▶ _WORK TO COMPLETE_
With the pictures left out, set down the line containing "中区 ビルドイン浄水器・脱衣場換気扇取替工事" and each line after it to the end of the material, exactly as written.

▶ _SUPPLIED INFORMATION_
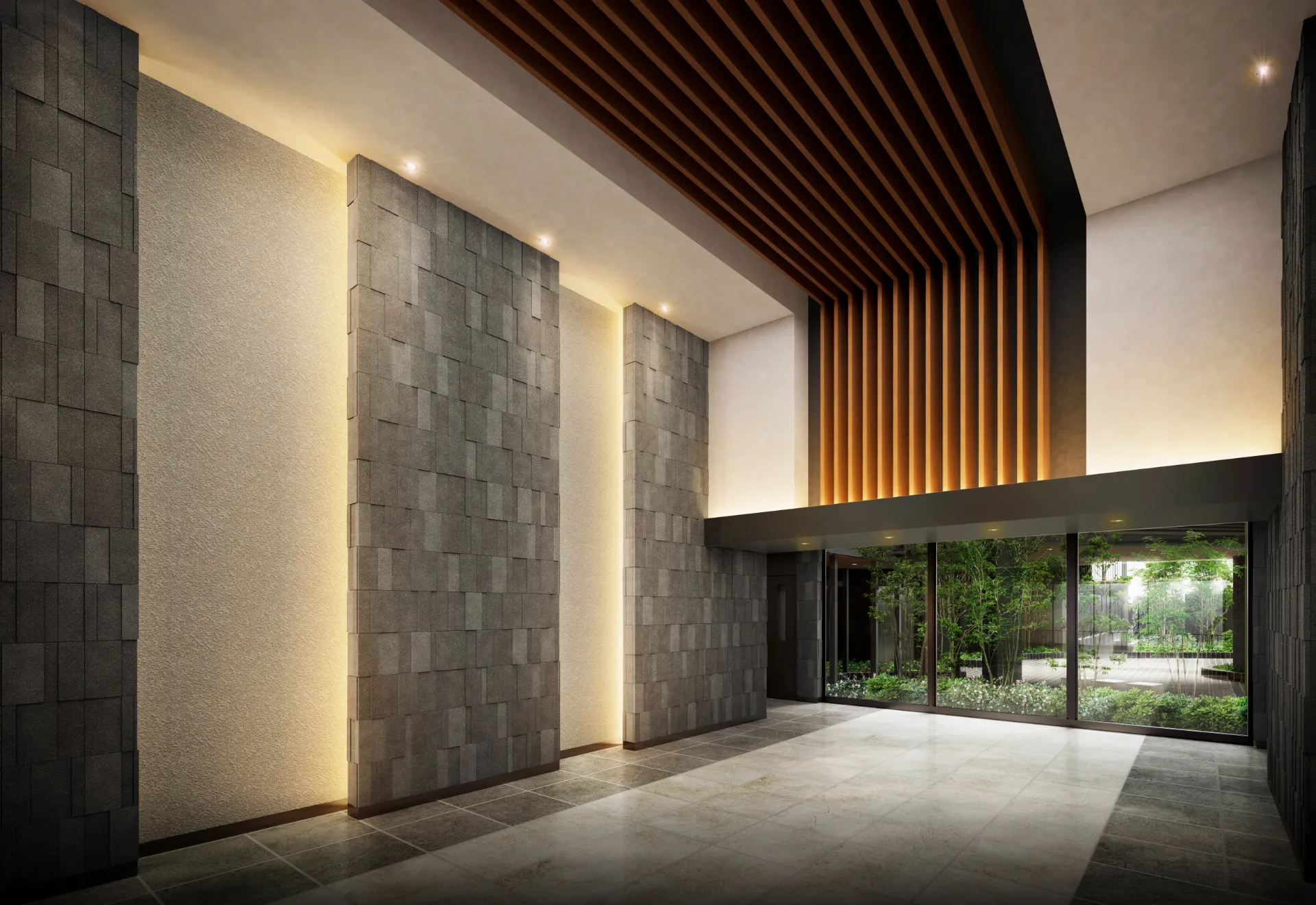 2層吹抜けの開放感あふれるホール空間。木調格子の天井デザインが奥行きを生み出し、外の緑景へと視線を誘います。間接照明の柔らかな光が調和をもたらし、静けさと気品が調和した、豊かさを語る空間です。
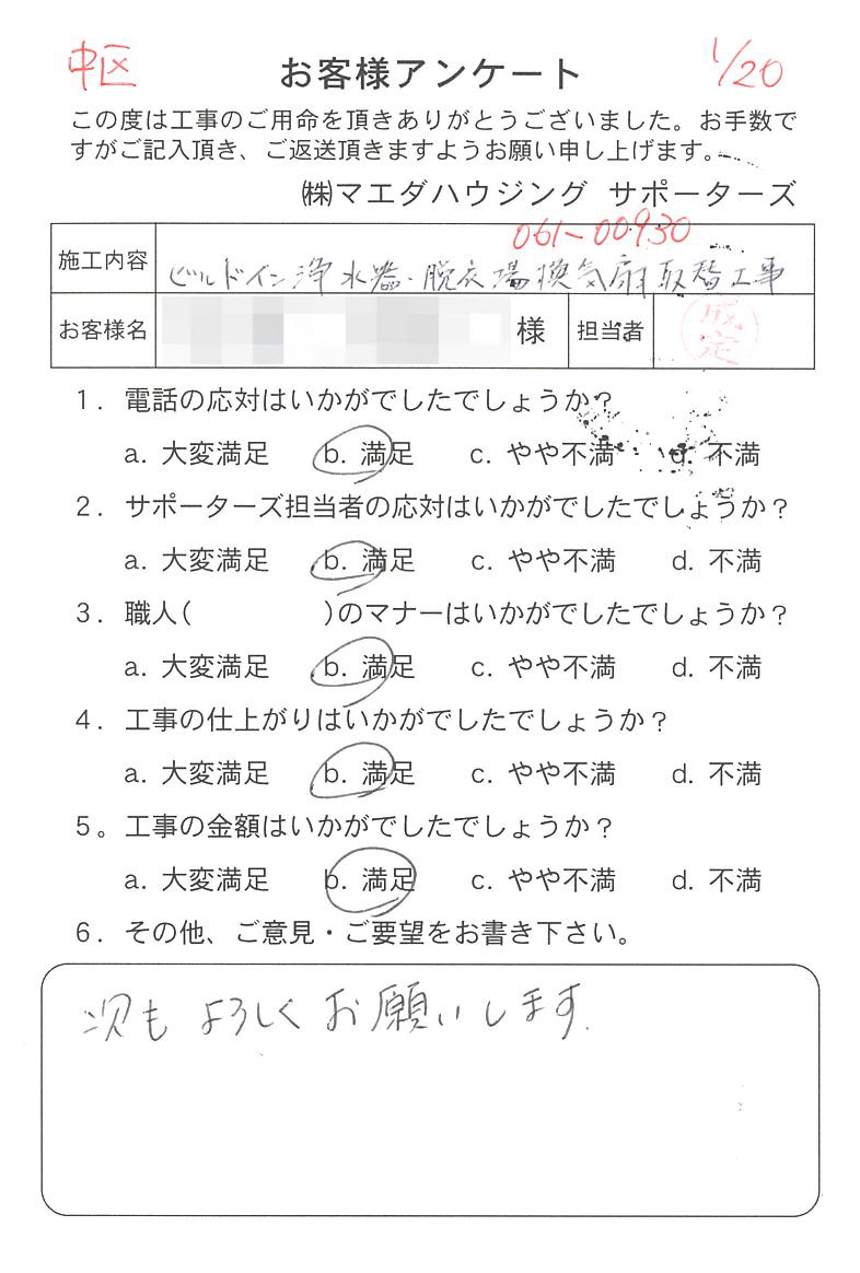 中区 ビルドイン浄水器・脱衣場換気扇取替工事
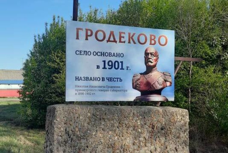 Макет баннера сделал учитель гродековской школы Сергей Бердник. Теперь все, кто въезжает в село, знают: основано оно в 1901 году, а названо в честь генерал-губернатора.

▶ _RESPONSE BELOW_
 中区 ビルドイン浄水器・脱衣場換気扇取替工事
 Макет баннера сделал учитель гродековской школы Сергей Бердник. Теперь все, кто въезжает в село, знают: основано оно в 1901 году, а названо в честь генерал-губернатора.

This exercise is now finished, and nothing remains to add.